What to work on:
Starting at the line containing "美式渐变水洗牛仔裤男街头潮牌宽松直筒垂感慵懒高街复古" and ending at the line containing "Our oversized wool-blend", transcribe the listing below exactly. Keep both end lines, skip the pictures, and copy nothing else.

Supplied data:
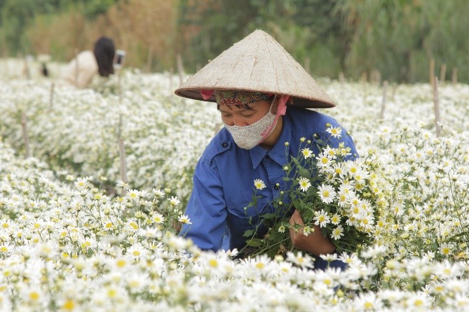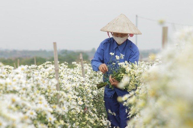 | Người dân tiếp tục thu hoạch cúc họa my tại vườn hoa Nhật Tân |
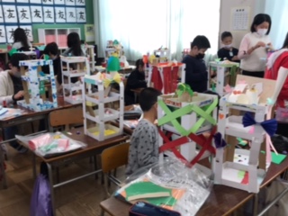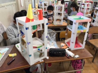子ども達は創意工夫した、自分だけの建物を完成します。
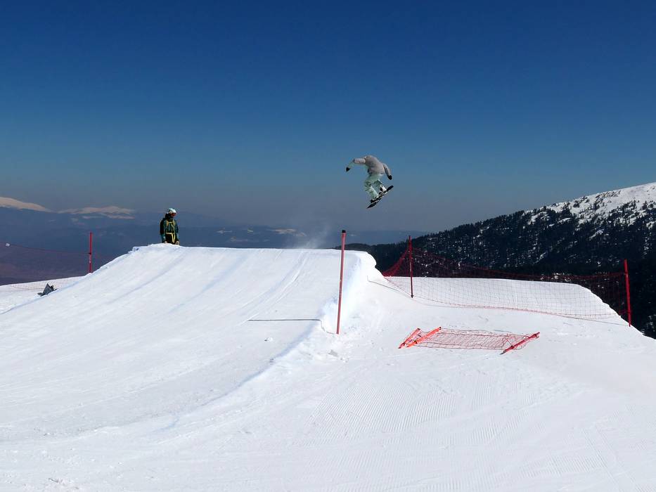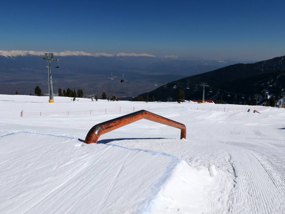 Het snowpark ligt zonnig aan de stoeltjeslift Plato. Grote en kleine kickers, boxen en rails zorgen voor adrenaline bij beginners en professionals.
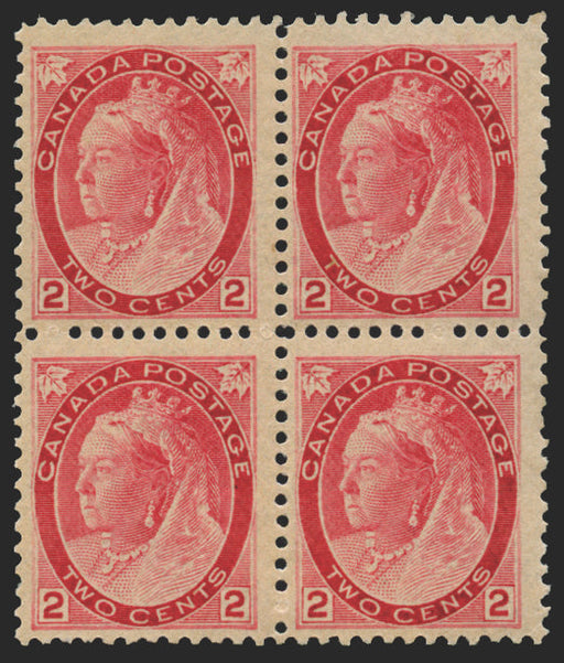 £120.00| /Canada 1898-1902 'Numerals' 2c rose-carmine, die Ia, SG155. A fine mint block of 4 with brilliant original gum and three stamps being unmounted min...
* * *
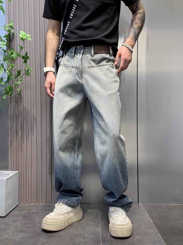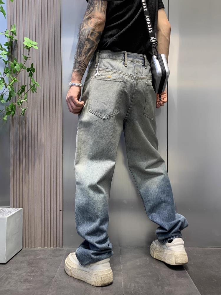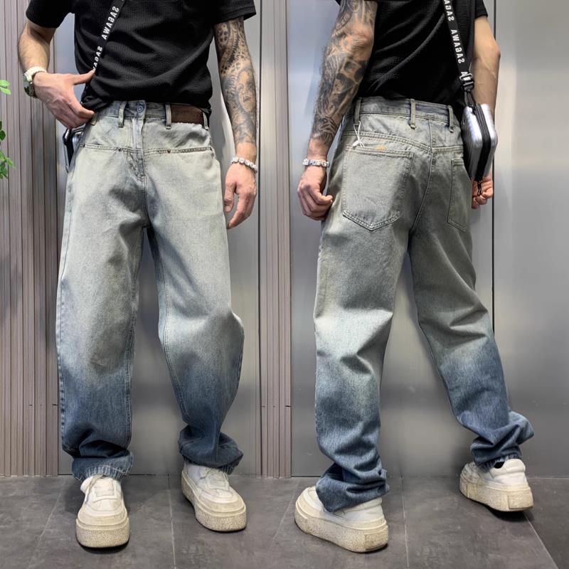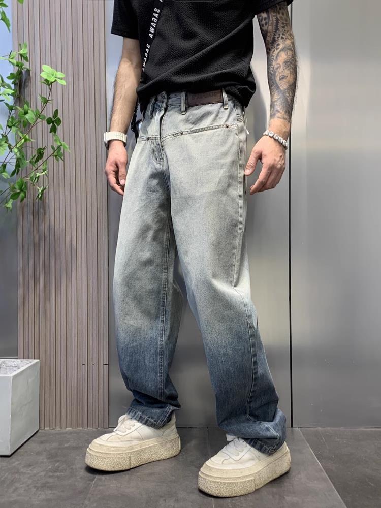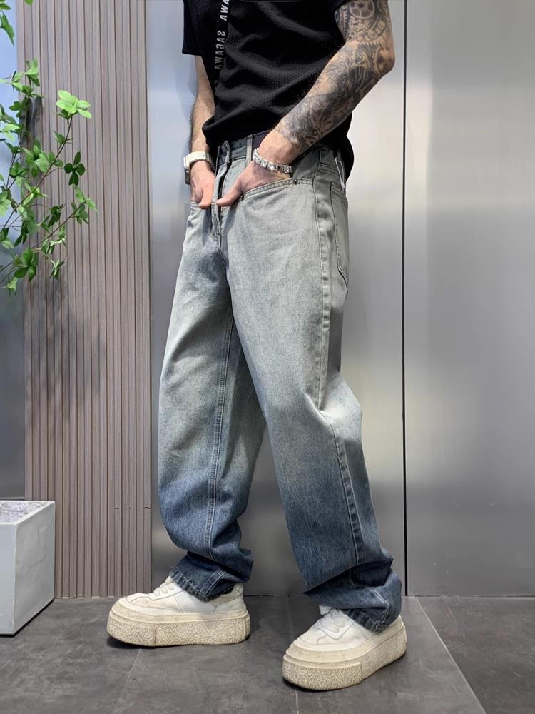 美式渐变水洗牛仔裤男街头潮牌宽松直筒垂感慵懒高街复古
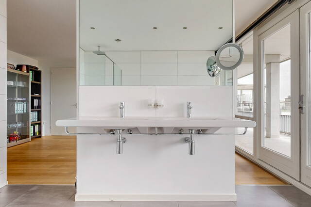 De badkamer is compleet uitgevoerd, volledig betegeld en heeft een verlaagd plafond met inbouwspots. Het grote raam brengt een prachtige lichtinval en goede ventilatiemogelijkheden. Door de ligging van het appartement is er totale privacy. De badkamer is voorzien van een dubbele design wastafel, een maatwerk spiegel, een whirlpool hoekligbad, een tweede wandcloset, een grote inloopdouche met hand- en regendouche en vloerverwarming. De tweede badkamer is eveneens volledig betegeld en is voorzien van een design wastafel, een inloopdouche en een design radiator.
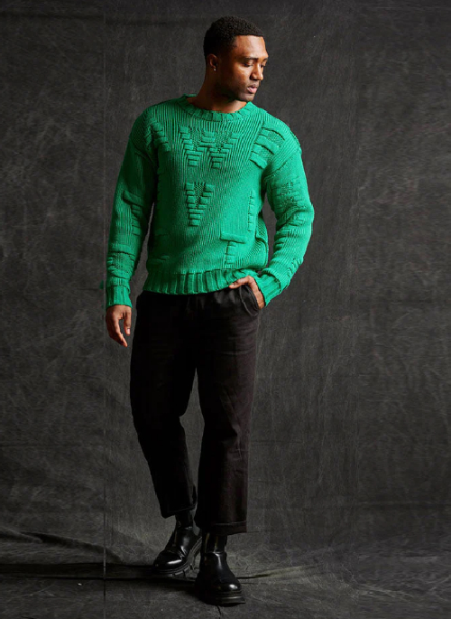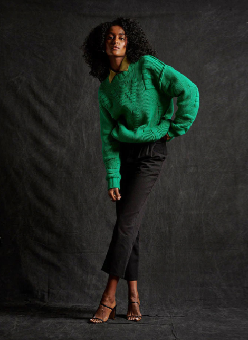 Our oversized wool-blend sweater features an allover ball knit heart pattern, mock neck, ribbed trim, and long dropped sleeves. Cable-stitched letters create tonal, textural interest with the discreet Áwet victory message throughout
...
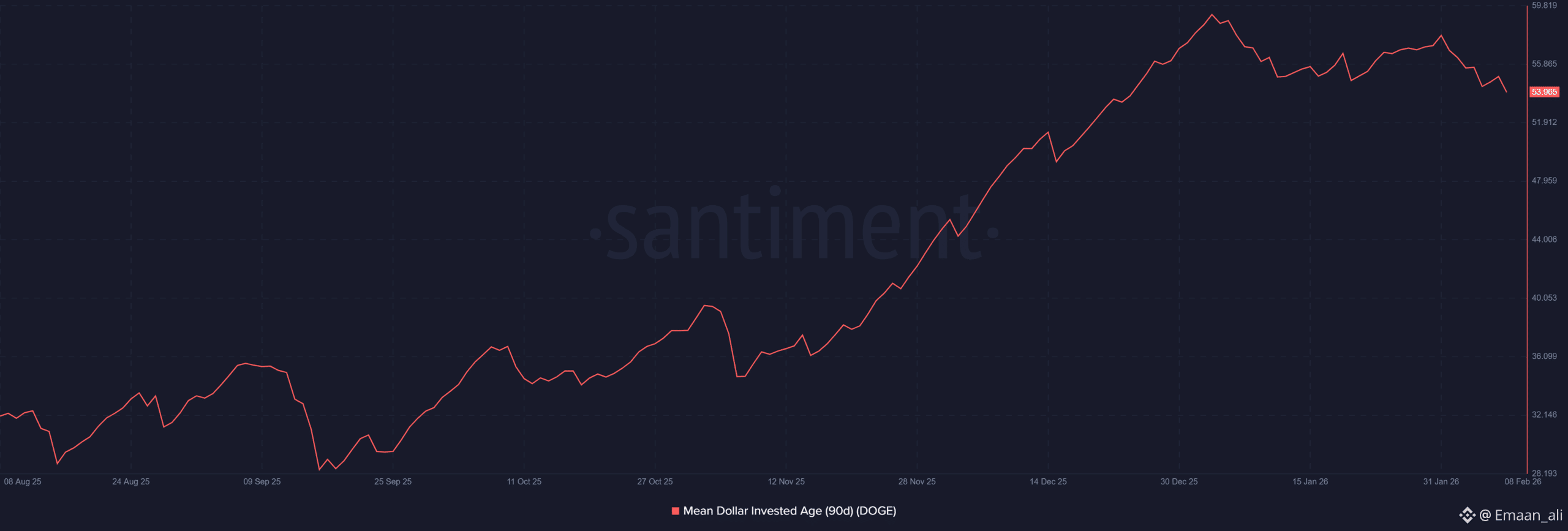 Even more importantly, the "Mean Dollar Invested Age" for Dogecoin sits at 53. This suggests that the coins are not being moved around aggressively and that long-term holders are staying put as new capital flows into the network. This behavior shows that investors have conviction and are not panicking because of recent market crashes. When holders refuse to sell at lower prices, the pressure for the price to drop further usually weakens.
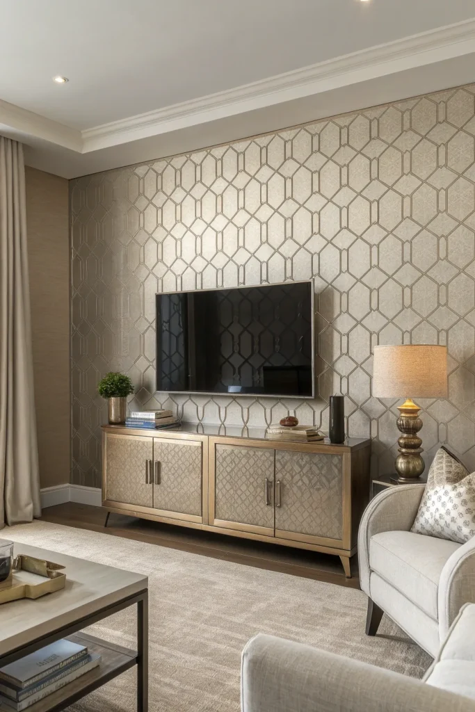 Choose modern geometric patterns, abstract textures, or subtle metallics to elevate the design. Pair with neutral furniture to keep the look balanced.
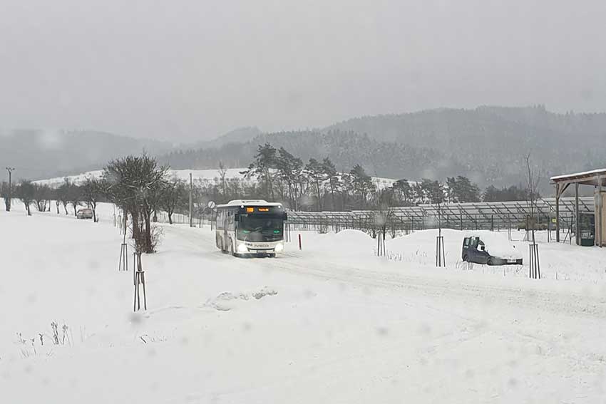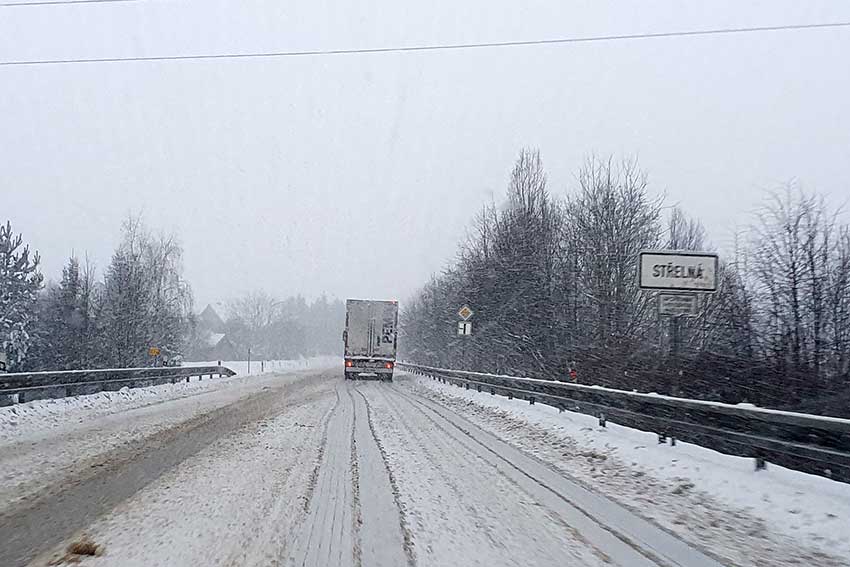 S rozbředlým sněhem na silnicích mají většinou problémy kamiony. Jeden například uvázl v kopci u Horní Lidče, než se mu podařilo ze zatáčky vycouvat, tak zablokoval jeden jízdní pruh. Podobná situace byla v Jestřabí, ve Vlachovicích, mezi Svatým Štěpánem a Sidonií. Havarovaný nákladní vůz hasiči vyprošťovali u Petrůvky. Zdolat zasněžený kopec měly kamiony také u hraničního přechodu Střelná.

Result for this exercise:
 美式渐变水洗牛仔裤男街头潮牌宽松直筒垂感慵懒高街复古
 De badkamer is compleet uitgevoerd, volledig betegeld en heeft een verlaagd plafond met inbouwspots. Het grote raam brengt een prachtige lichtinval en goede ventilatiemogelijkheden. Door de ligging van het appartement is er totale privacy. De badkamer is voorzien van een dubbele design wastafel, een maatwerk spiegel, een whirlpool hoekligbad, een tweede wandcloset, een grote inloopdouche met hand- en regendouche en vloerverwarming. De tweede badkamer is eveneens volledig betegeld en is voorzien van een design wastafel, een inloopdouche en een design radiator.
 Our oversized wool-blend sweater features an allover ball knit heart pattern, mock neck, ribbed trim, and long dropped sleeves. Cable-stitched letters create tonal, textural interest with the discreet Áwet victory message throughout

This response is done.